(Available records):
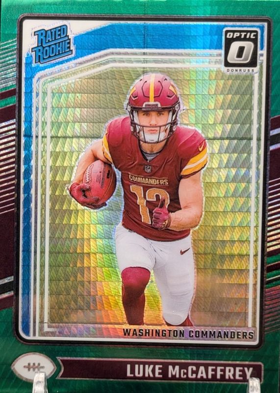 2024 Donruss Optic Luke McCaffrey Green Hyper #268 Rated Rookie Commanders
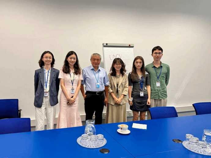 2025年6月29日-7月5日,依据304永利集团登录入口与联合国签署的合作协议,304永利集团登录入口2023级、2024级中英会议口译、翻译与国际传播方向的5名学生:范心茹、李佳盈、张景皓、陈正娴、周勤婧,在李娟娟老师的带领下,前往联合国维也纳办事处开展为期一周的同传口译实习。本次实习聚焦联合国和平利用外层空间委员会第68届会议和工业发展组织理事会,学生们实地观摩会议,参与同传哑箱练习,将平日所学技能在实践中锤炼,全方位感受国际组织语言服务的严谨与魅力。
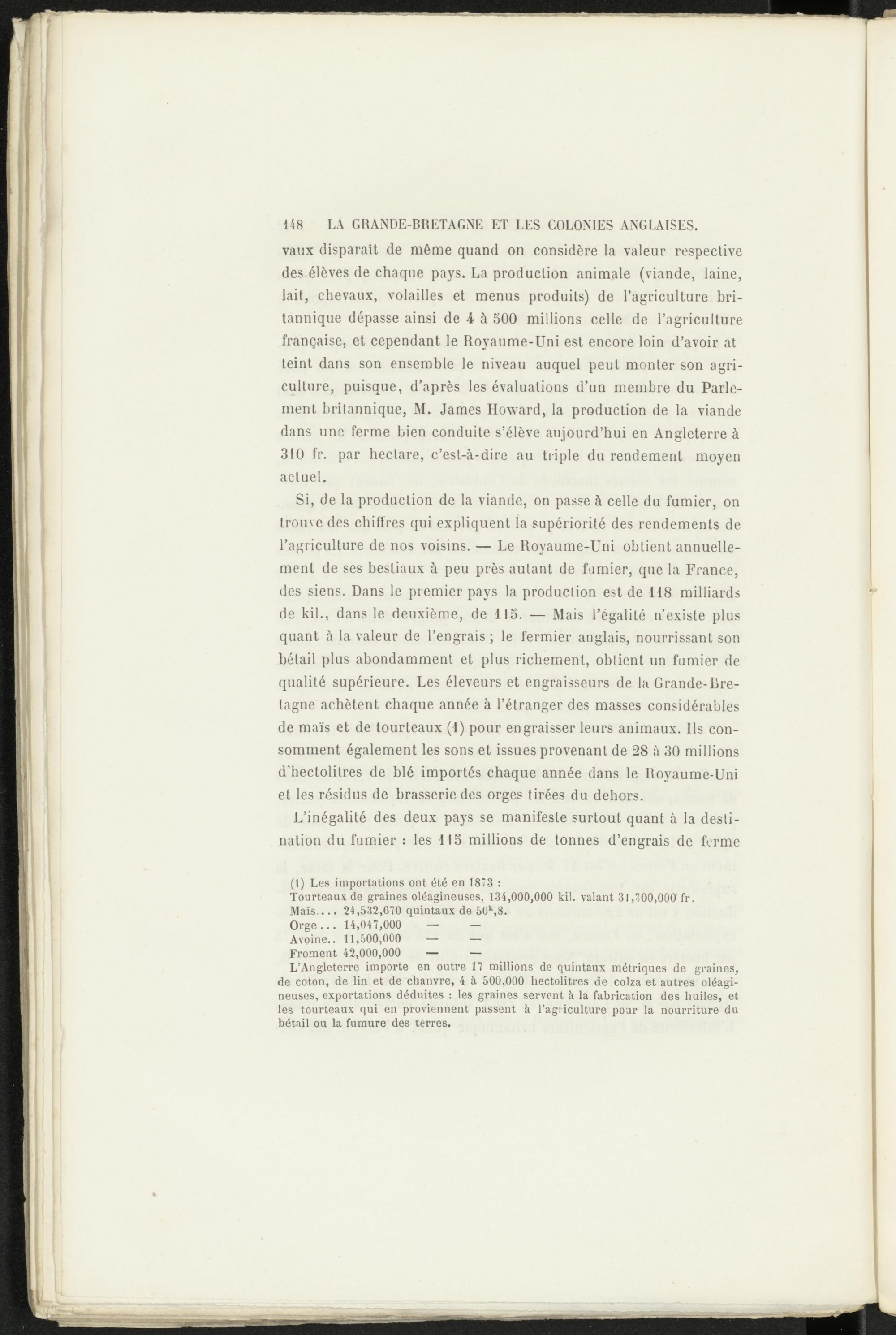 L’Angleterre importe en outre 17 millions de quintaux métriques de graines, de coton, de lin et de chanvre, 4 à. 500,000 hectolitres de colza et autres oléagineuses, exportations déduites : les graines servent à la fabrication des huiles, et les tourteaux qui en proviennent passent à l’agriculture pour la nourriture du bétail ou la fumure des terres.
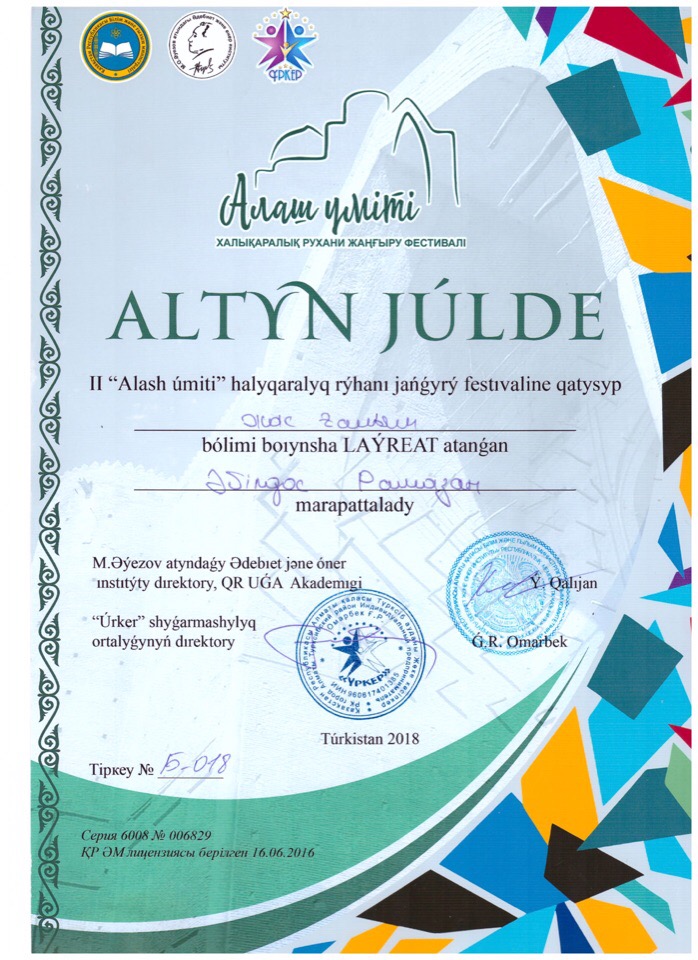 II nomination at the international festival in the framework of the program "Ruhani zahyru" |
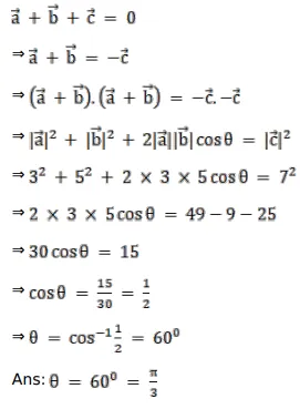 If $\vec{a}+\vec{b}+\vec{c}=\overrightarrow{0},|\vec{a}|=3,|\vec{b}|=5$ and $|\vec{c}|=7$, find the angle between $\vec{a}$ and $\vec{b}$.
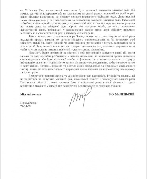 Как видите, вместо ответов на вопросы, мэр (или юристы, готовившие ответ) перечислил на двух страницах различные нормы закона – Конституцию, ЗУ «Про статус депутатів місцевих рад» и др. А после этого сообщил, что депутатское обращение Пиддубной является не обращением, а запросом. И такой запрос нужно выносить на сессию горсовета.
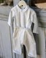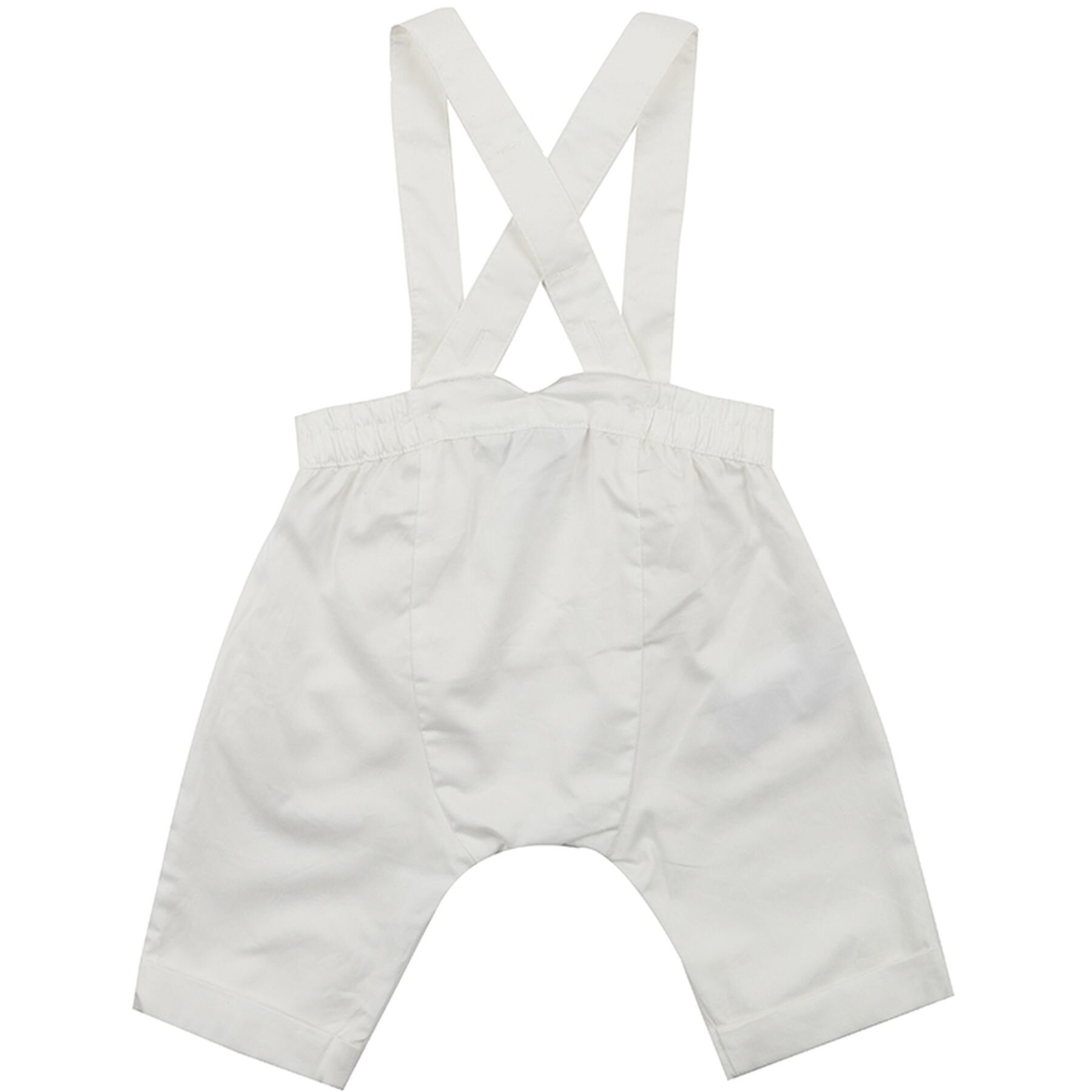 These ivory cotton sateen overalls with front button opening is the perfect piece for your little one's special day, pair it back with the Crown bodysuit to complete the outfit.

(Task to carry out): Only an exact copy is wanted: the lines from the opening of the material through the line that has "II nomination at", minus any pictures.

(Written answer):
 2024 Donruss Optic Luke McCaffrey Green Hyper #268 Rated Rookie Commanders
 2025年6月29日-7月5日,依据304永利集团登录入口与联合国签署的合作协议,304永利集团登录入口2023级、2024级中英会议口译、翻译与国际传播方向的5名学生:范心茹、李佳盈、张景皓、陈正娴、周勤婧,在李娟娟老师的带领下,前往联合国维也纳办事处开展为期一周的同传口译实习。本次实习聚焦联合国和平利用外层空间委员会第68届会议和工业发展组织理事会,学生们实地观摩会议,参与同传哑箱练习,将平日所学技能在实践中锤炼,全方位感受国际组织语言服务的严谨与魅力。
 L’Angleterre importe en outre 17 millions de quintaux métriques de graines, de coton, de lin et de chanvre, 4 à. 500,000 hectolitres de colza et autres oléagineuses, exportations déduites : les graines servent à la fabrication des huiles, et les tourteaux qui en proviennent passent à l’agriculture pour la nourriture du bétail ou la fumure des terres.
 II nomination at the international festival in the framework of the program "Ruhani zahyru" |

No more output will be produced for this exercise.